A trade body has urged the government not to cancel plans to build the Sizewell C nuclear plant in Suffolk following a report that the £20bn-£30bn scheme is under review.
A government official told BBC News: “We are reviewing every major project – including Sizewell C.”
In response to the comment, the Civil Engineering Contractors Association (CECA) said new nuclear power must “absolutely be a part of” a future low-carbon economy and that cancelling Sizewell C would be “an admission of utter defeat” in this ambition.
Following the recent change of prime minister, the government is due to announce new tax and spending plans in an autumn statement on 17 November, which it is hoped will bring clarity to infrastructure plans after a slew of recent headlines cast doubt on projects.
Earlier this week, transport minister Mark Harper suggested that the revived Northern Powerhouse Rail link unveiled by former prime minister Liz Truss had again been dropped, while on Sunday, levelling-up secretary Michael Gove said HS2 might be reviewed, adding that the project represented a “significant investment”.
The Sizewell C plans were given development consent in July. It was reported earlier this week that state-owned French energy company EDF had decided to take a 20 per cent stake in the project, with the UK government expected to fund the same proportion. Construction was expected to take between nine and 12 years.

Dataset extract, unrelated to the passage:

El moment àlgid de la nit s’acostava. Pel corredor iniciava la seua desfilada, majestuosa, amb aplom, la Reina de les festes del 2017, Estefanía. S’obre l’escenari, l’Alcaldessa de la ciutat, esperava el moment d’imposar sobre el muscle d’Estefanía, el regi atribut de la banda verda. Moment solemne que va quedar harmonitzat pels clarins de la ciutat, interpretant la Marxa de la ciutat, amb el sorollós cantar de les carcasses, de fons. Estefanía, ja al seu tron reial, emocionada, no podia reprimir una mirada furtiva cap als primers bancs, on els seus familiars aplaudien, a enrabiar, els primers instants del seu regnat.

Responding to the BBC report, CECA chief executive Alasdair Reisner said: “We have long argued that the UK will need a mixed portfolio of energy generation if we are to tackle the challenge of climate change and achieve a net-zero economy.
“New nuclear power must absolutely be part of that, and industry is ready to deliver the clean-energy future the UK needs.

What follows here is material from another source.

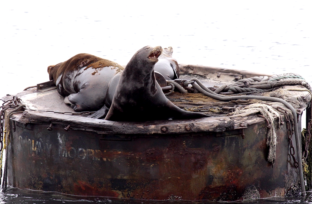 Das Wetter war sehr bewölkt, es regnete aber nicht. Wir spazierten ein wenig umher. Dann fuhren wir zurück und kauften ein paar Sandwiches, bzw. Sushis für unser Mittags-Picknick. Das nahmen wir dann ganz in der Nähe des Meeres auf einem kleinen Parkplatz mit schönem Blick über den Hafen ein. Tomoko und ich marschierten anschließend los ein paar hundert Meter bis ans Ende eines ins Meer gebauten Stegs. Schon auf dem Weg dahin sahen wir etliche Seelöwen faul auf den Felsen in der Sonne liegen. |

“While we understand that there are financial constraints facing the UK, and that the UK government is sensibly in a period of reviewing all major projects, nonetheless, to cancel Sizewell C would be an admission of utter defeat in the ambition of achieving the low-carbon economy businesses, communities and coming generations will require.”

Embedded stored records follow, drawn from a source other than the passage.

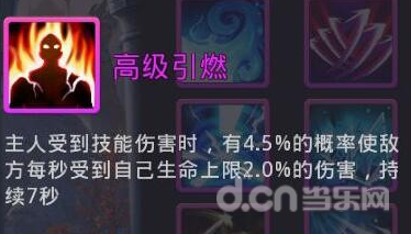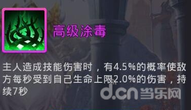 高级涂毒、高级引燃、高级撕裂:涂毒、引燃效果类似,攻击或被攻击有几率对对方造成持续伤害,伤害量是基于你自己的血量的,你有10万血,就能对对方造成2000每秒的持续伤害;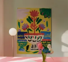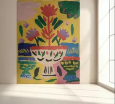 Una rappresentazione astratta, caotica e gioiosa di un giardino o di un mazzo di fiori. Le pennellate espressive, i colori vivaci e le forme dinamiche creano un'opera piena di vita e di energia creativa.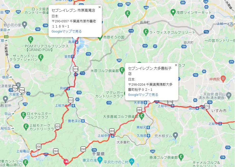 ですが、早朝出走する際、注意する点が1つあります。それが房総半島を走る後半の280~340km区間です。大喜多から高滝までの約40kmには24時間営業のお店がなく、深夜に走ると自販機くらいしかありません。大喜多町でしっかりと補給をし、挑む必要がありそうです。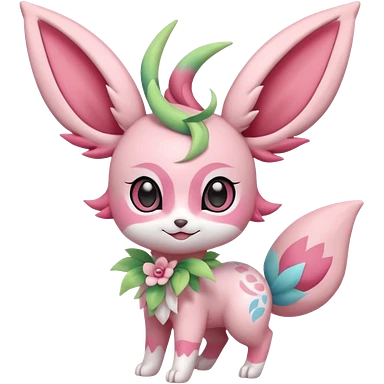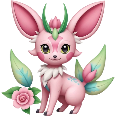 Rosy floral romantic cute Sylveon-Celebi-Leafeon-Pokémon-Digimon-Fakémon-hybrid-fusion-creature emoji

Reisner added that the industry was “waiting for the UK government to make clear its plans”, and looked forward to working with CECA members to deliver on ministers’ ambitions.
He expressed hope that the government “will continue to engage with industry to ensure that nationally significant infrastructure projects such as Sizewell C are delivered, not only to generate economic growth and create the jobs that the scheme will undoubtedly bring, but to future-proof our country for the 21st century”.
The Treasury and the Department for Business, Energy and Industrial Strategy have been contacted for comment.